Increasing attention to healthy lifestyles creates job growth for health promoters.
A health promoter, also called a health promotion specialist or a health educator, provides instruction and encourages healthy lifestyles, typically in a community organization or at a health care facility. The specialist gathers information about the community population, develops and implements suitable programs, and monitors progress.
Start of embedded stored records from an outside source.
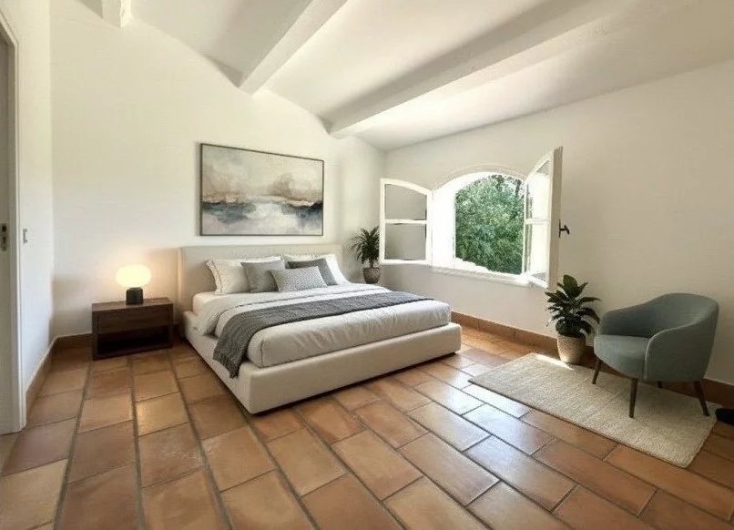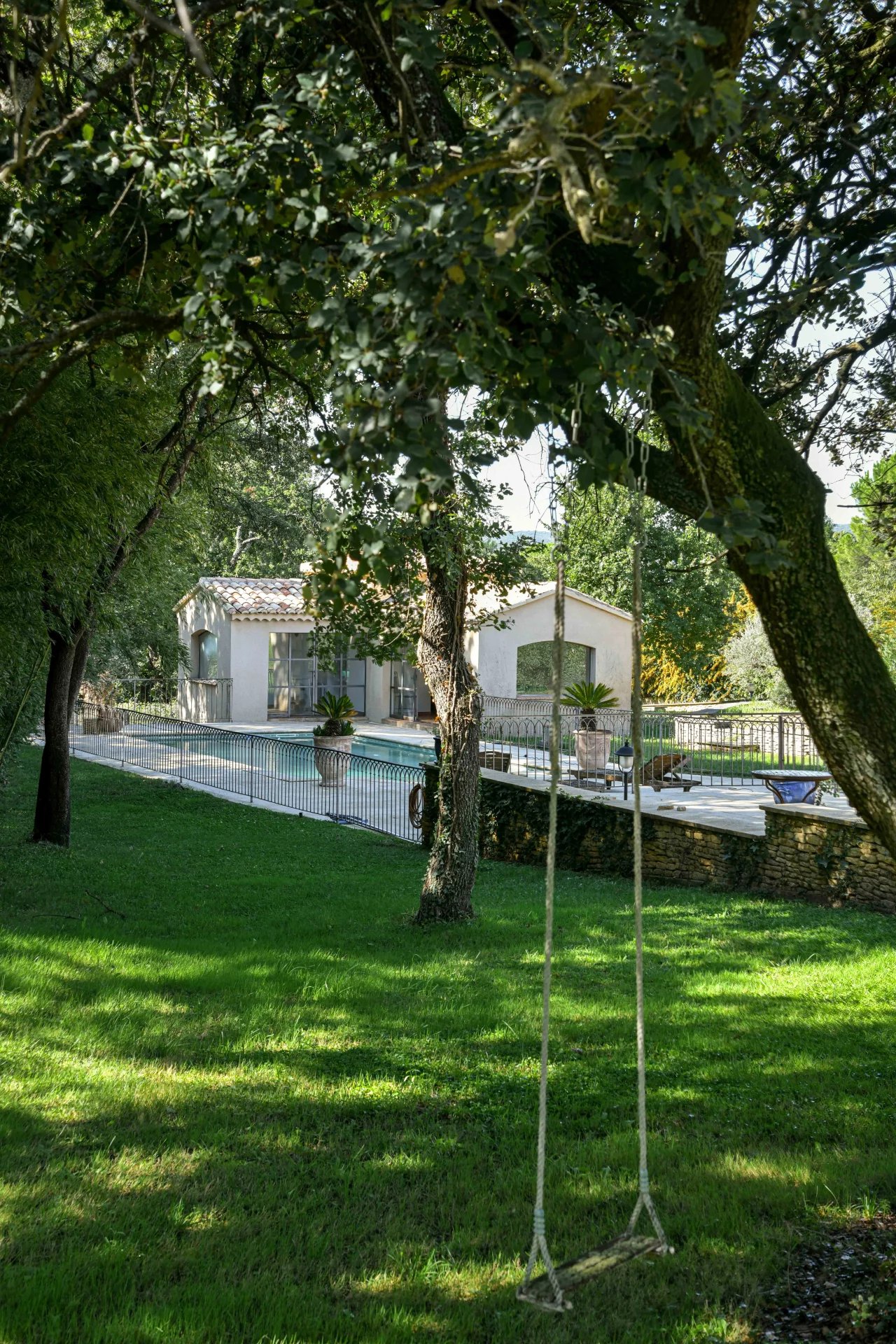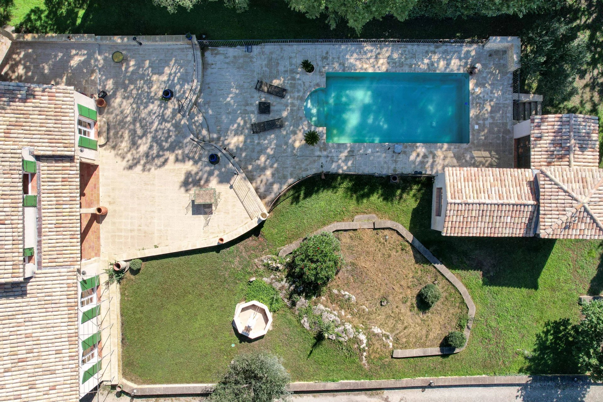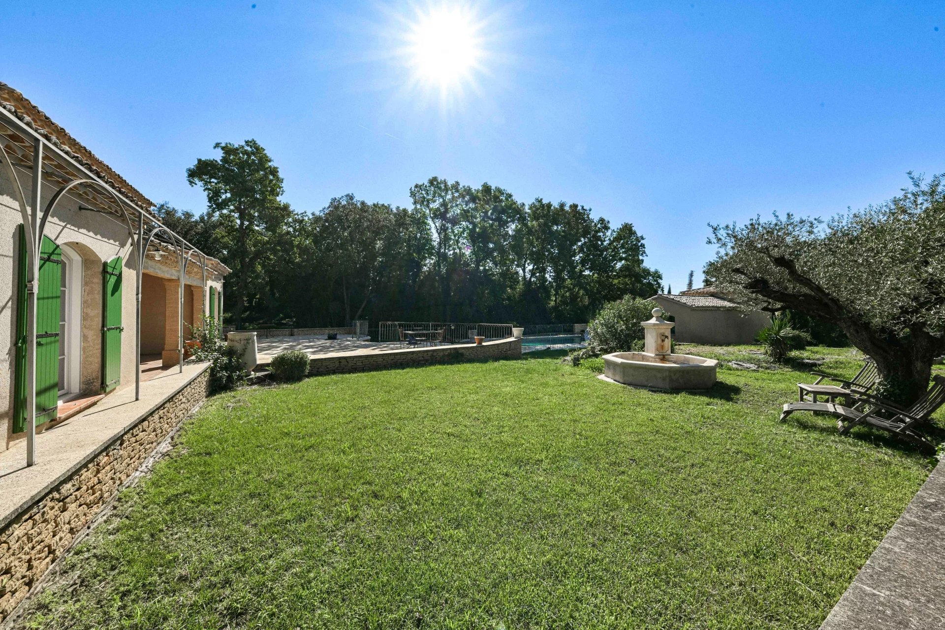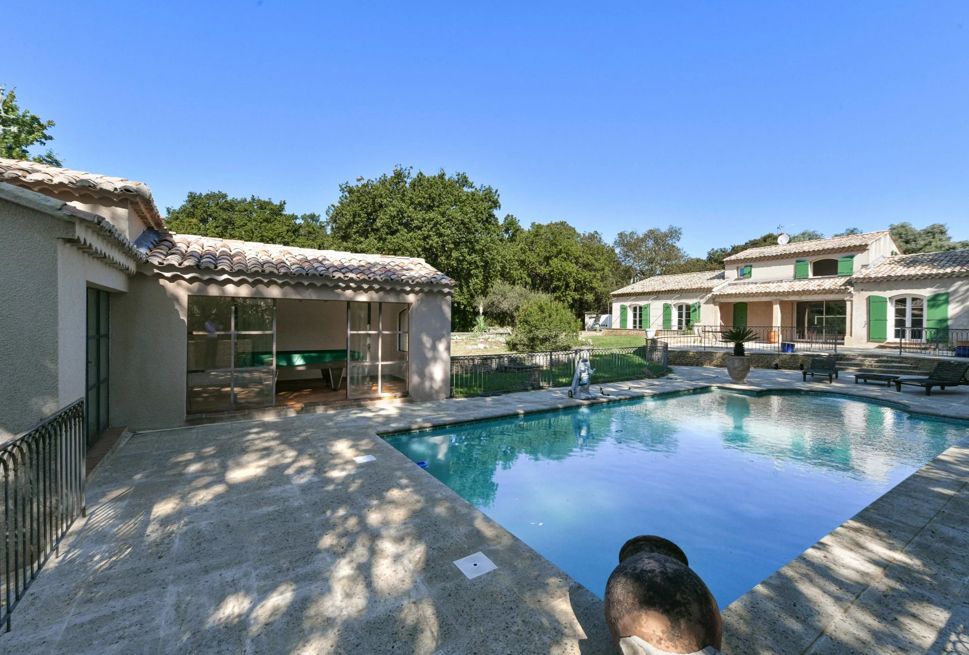 Belles pièces de vie ouvertes sur les terrasses. 4 chambres, 3 salles de bains, bureau Jardin bucolique de 4763 m², piscine 10 x 5m, poolhouse, garage, atelier Située dans un village avec commerces proche du Pont du Gard Photos non contractuelles : 2 chambres non meublées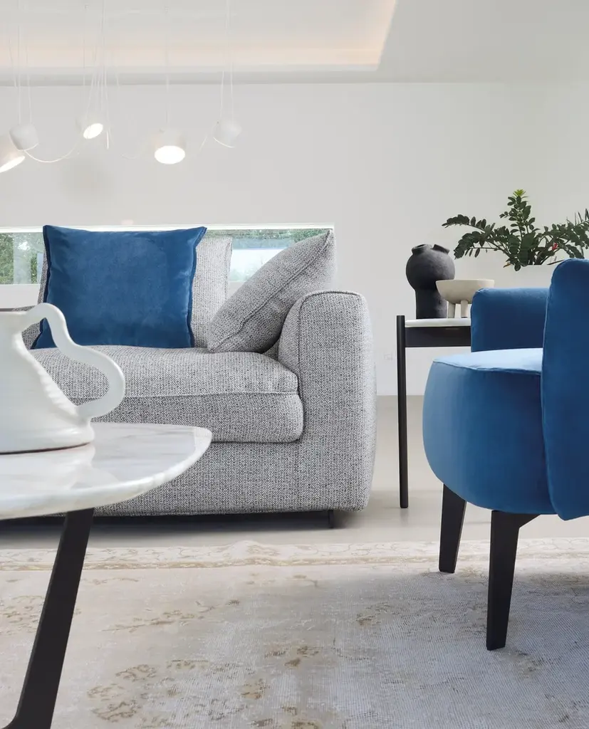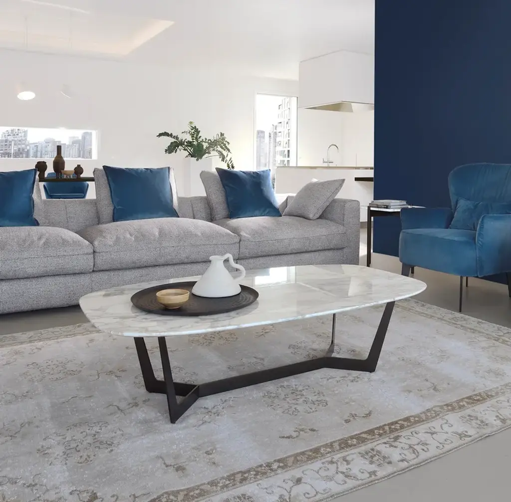 Charme - A collection of side tables featuring a bold and light look thanks to the metal base in finishes - painted dark bronze anodized and painted gold satin finish - that supports treamlined original Calacatta marble, Emperador marble, Portoro marble,Sahara noir marble and painted ash veneer tabletops.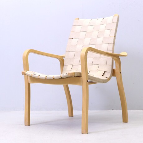 Bilder Karmstol Swedese Primo. Yngve Ekström. Böjträ och sadelgjord. 78x58x68.
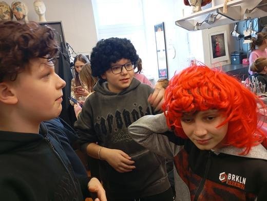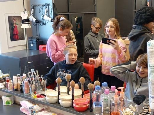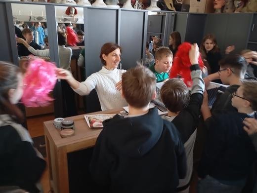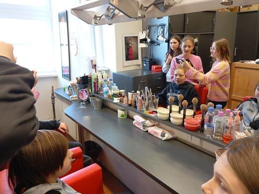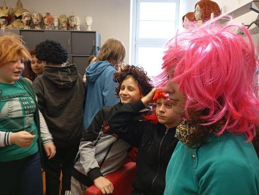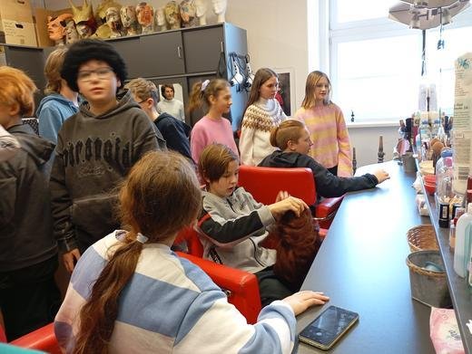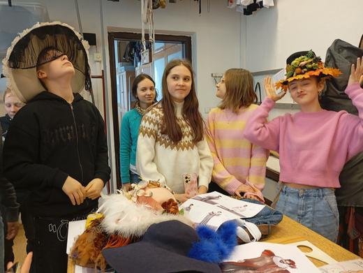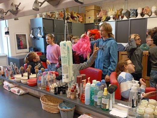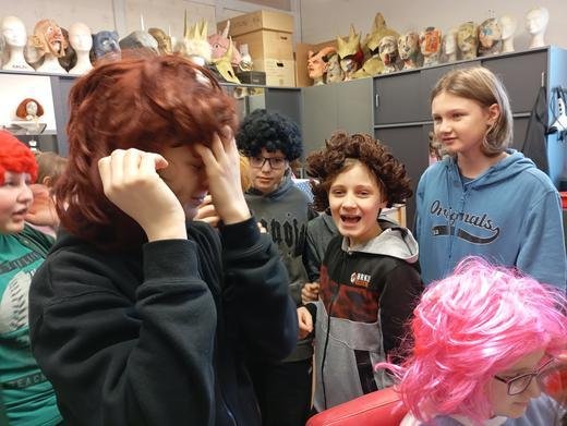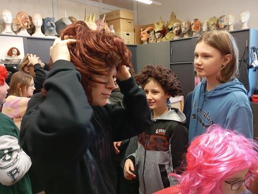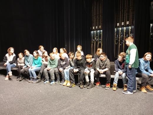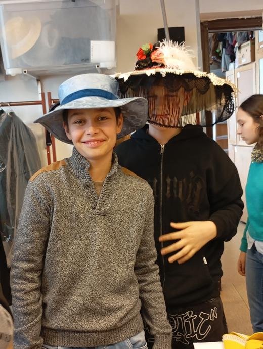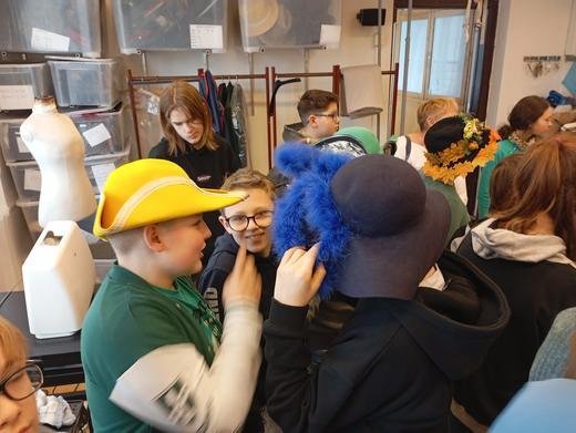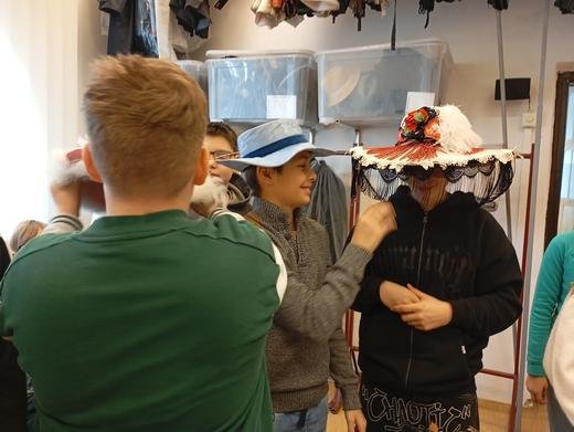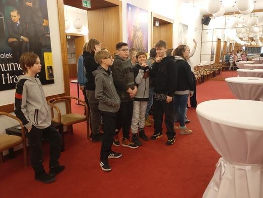 V pondělí vyrazili naši šesťáci na exkurzi do Slováckého divadla. Paní průvodkyně nás zavedla z foyer do kostymérny, kde jsme se seznámili s procesem výroby kostýmů od prvních návrhů až po jejich vyhotovení. Vyzkoušeli jsme si nejrůznější pokrývky hlavy. Nakoukli jsme do místností, kde se kostýmy perou a připravují pro další reprízu. Každé dívčí srdce zaplesalo při návštěvě „nejsmradlavější“ místnosti v budově – skladu obuvi. Vyzkoušeli jsme si paruky, prohlédli si šatny a stoupli na prkna, která znamenají svět. Už víme, kde se na jevišti schovává nápověda, kudy herci mizí ze scény, že v Hradišti je otočné pódium a kdo je třeba rekvizitář.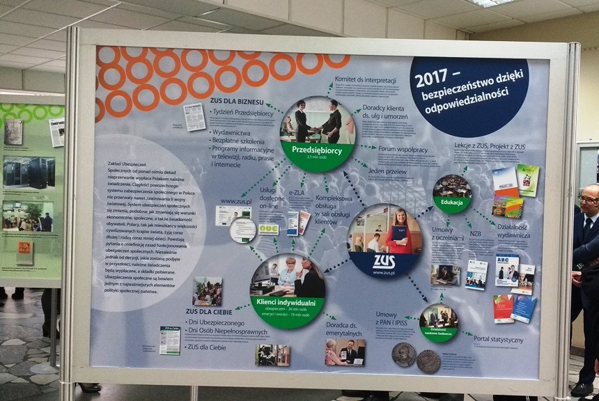 Ekspozycja powstała z okazji jubileuszu 80-lecia powołania ZUS. Oglądając wystawę można dowiedzieć się m.in. jak gazety opisały powstanie Zakładu Ubezpieczeń Społecznych i jak wyglądały pierwsze maszyny liczące oraz komputery w ZUS.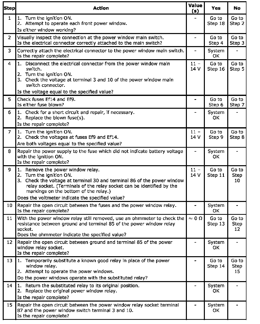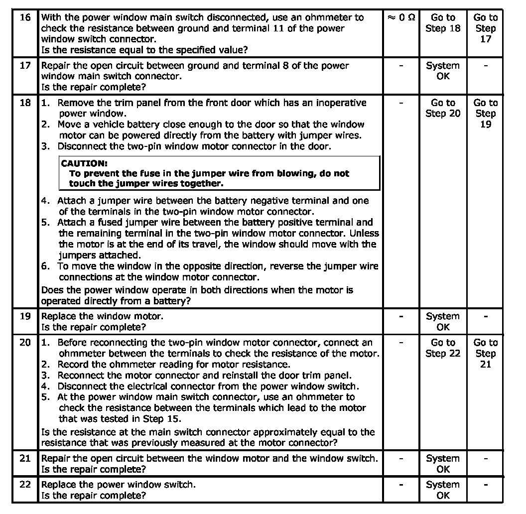 System with Front and Rear Power Windows, One or Both Front Windows Are InoperativeStep 16 - 22: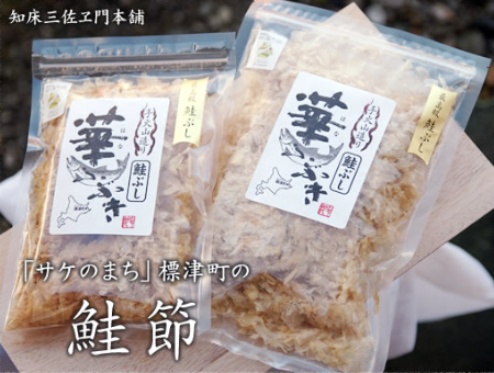 三佐ヱ門本店の「鮭節」は、北海道産の鮭を使用し、丁寧に乾燥・燻製して仕上げた風味豊かなだし素材です。鰹節に比べてやさしくまろやかな旨みが特徴で、素材の味を引き立てながら料理全体にコクを加えてくれます。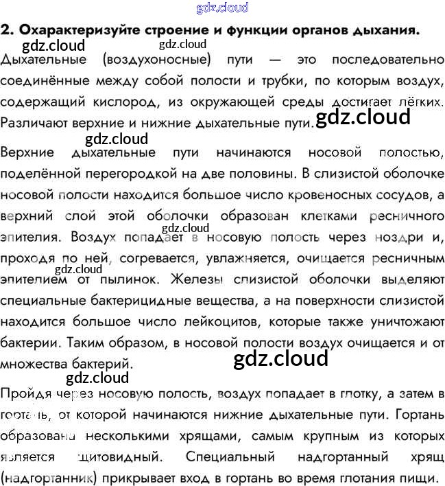 Ответ на задание 2 Учебник Биология за 8 (восьмой) класс Пасечник, Каменский, Швецов Линия жизни 2016 ФГОС онлайн и без номера телефона.

Salaries for health promoters have a very wide range.
Salary Range
The average work salary for a health promoter as of May 2009 was $23.59 per hour, or $49,060 per year, according to the U.S. Bureau of Labor Statistics. Those in the middle 50 percent of the earnings scale were making $33,270 to $60,970 annually. The bottom 10 percent had annual salaries of $26,120 and below, a noteworthy difference from the top 10 percent who were earning $79,290 and higher.
Types of Employment
A large number of health promoters work for hospitals, earning an average salary of $56,560 per year in 2009. Local government is another primary employer, paying $45,880 on average. Health promoters find employment with individual and family service organizations and in outpatient care centers, which pay these professionals about $41,000 on average as of 2009.
States
The highest average salary by state for health promoters in 2009 was in Maryland, where these workers earned $38.96 per hour on average, or $81,040 per year. The District of Columbia was close behind, at an average of $79,600 per year. Health promoters in Georgia were earning $69,930 and in Rhode Island $62,440 annually on average.
Metro Areas
Some metropolitan areas have even higher average pay rates for health promoters. In the Maryland metro area of Bethesda-Frederick-Gaithersburg, health promoters were earning $94,880 per year on average in 2009, ranking them at the top of average salary rates for these workers. Salisbury, Maryland, was second at $86,310, followed by Waterbury, Connecticut, at $83,520. Two other high-paying metro areas were the Atlanta-Sandy Springs-Marietta, Georgia area, at $75,790, and San Francisco, California, at $75,450.
Outlook
Employment in this occupation should experience fast growth of 18 percent from 2008 through 2018, according to the U.S. Bureau of Labor Statistics. The rising cost of health care is driving this job growth, as companies and communities work to lower expenses by promoting healthy lifestyles.